We will use the following prompts with the output format definitions swapped for natural language/TypeScript type expression/Schema expression of zod, respectively.
The following information will be tabulated and evaluated on the results of 30 iterations of 10 different documents (300 iterations in total), given the prompts to generate the problem with the output format specified in NL, TS and ZD, respectively.
Assuming that the prompt differences would be greater in settings with a higher diversity of generation, we fixed the setting to a realistic upper limit: Temperature=1.2, which is used in the task of generating diverse results.
parse
0.84 (251/300)
scheme
0.57 (143/251)
count
0.8 (114/143)
length
0.8 (1556/1950)
parse
0.95 (284/300)
scheme
1.0 (283/284)
count
0.73 (206/283)
length
0.76 (2861/3788)
parse
0.94 (278/296)
scheme
1.0 (278/278)
count
0.82 (228/278)
length
0.79 (2935/3736)
The large difference between "NL" and "TS and ZOD" in the prase and schema tests indicates that using an artificial language to specify the structure of the output is still more controllable than using natural language. This shows that it is still easier to control the structure of the output using an artificial language than using a natural language.
On top of that, there is no significant difference between TypeScript and Zod in the parse and schema tests. On the other hand, TypeScript's count and length scores are worse than those of Zod and natural language as well, suggesting that the way TypeScript puts constraints on the number of pieces or characters in a type expression may be less likely to attract attention than Schema's specification.
From the above, in terms of the easiest way to produce the most targeted structure, using Schema expressions has a better numerical performance. However, in addition to Zod, there are other Schema expression libraries such as Yup / io-ts / joi, which have similar description methods but different details, and we are not sure if we can control them as we intend to specify. Also, since Schema is less universal than TypeScript, it is necessary to be aware of the possibility that there will be changes in the description in the future.

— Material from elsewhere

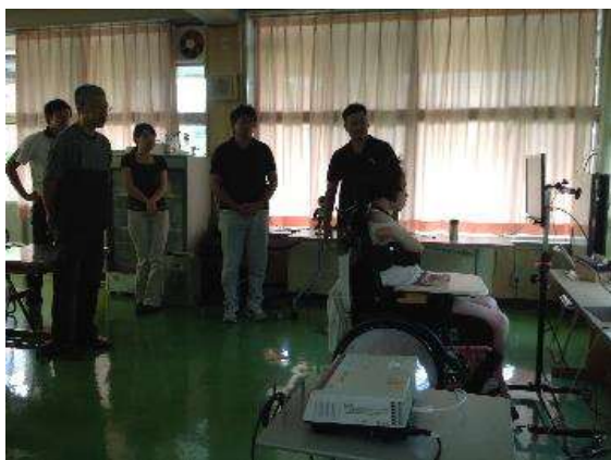
写真 3-11-1 視線入力デモの様子

平成 29 年度に初めて開講したため、事前の案内が十分でなく、障害のある当事者の参加者が少なかったことは課題である。卒業生を含め、多くの人に参加してもらえるような内容を企画し、毎年実施していけるようにしたい。
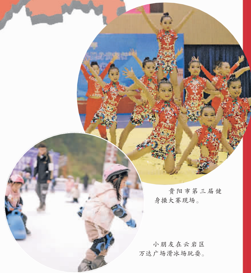
贵阳市第三届健身操大赛现场。

This article compares and contrasts the use of natural language, TypeScript, and Zod to control the output format of ChatGPT. Its main focus is on how well these methods allow ChatGPT to generate accurate data structures and how well they control ChatGPT's attention.

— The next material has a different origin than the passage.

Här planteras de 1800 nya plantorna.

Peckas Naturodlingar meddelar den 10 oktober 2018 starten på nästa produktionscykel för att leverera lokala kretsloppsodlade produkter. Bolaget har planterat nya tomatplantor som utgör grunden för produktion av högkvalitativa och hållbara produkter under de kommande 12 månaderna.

As a result, we found that using a programming language to specify the structure of the output is more accurate than using natural language. Specifically, the rate at which the output is successfully parsed and the rate at which the schema matches the specified one is higher for both TypeScript and Zod than for natural language, and there is no significant difference between the two.

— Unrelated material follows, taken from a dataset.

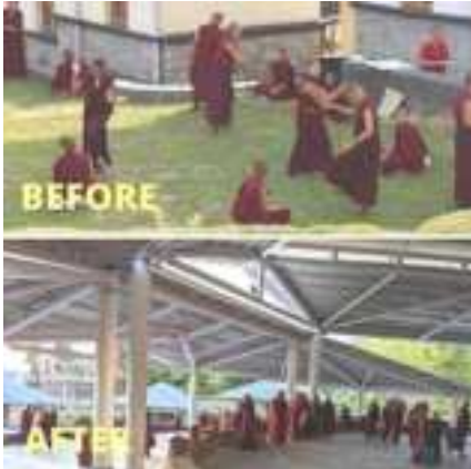
Sân tranh luận tại Ni viện Dolma Ling được mở rộng và cải thiện

However, we found that TypeScript was inferior to Zod and natural language when it came to constraining the number of items and the length of strings. This may be due to the fact that TypeScript's type expressions are difficult to include constraints on the number of items and the length of strings, and therefore are less attentive than Schema's specifications.
From this point of view, Schema expressions are appropriate in that they are the easiest to produce the targeted structure. However, Schema expressions have less universality than TypeScript, and the descriptions are subject to change, so care must be taken in this respect.
Based on the above, we believe that TypeScript type expressions are the most useful for specifying JSON output and controlling its structure. However, since TypeScript type expressions have slightly inferior restrictions on the number and length of pieces compared to Schema, it is recommended that these elements be further controlled by plain-text instructions in the prompts.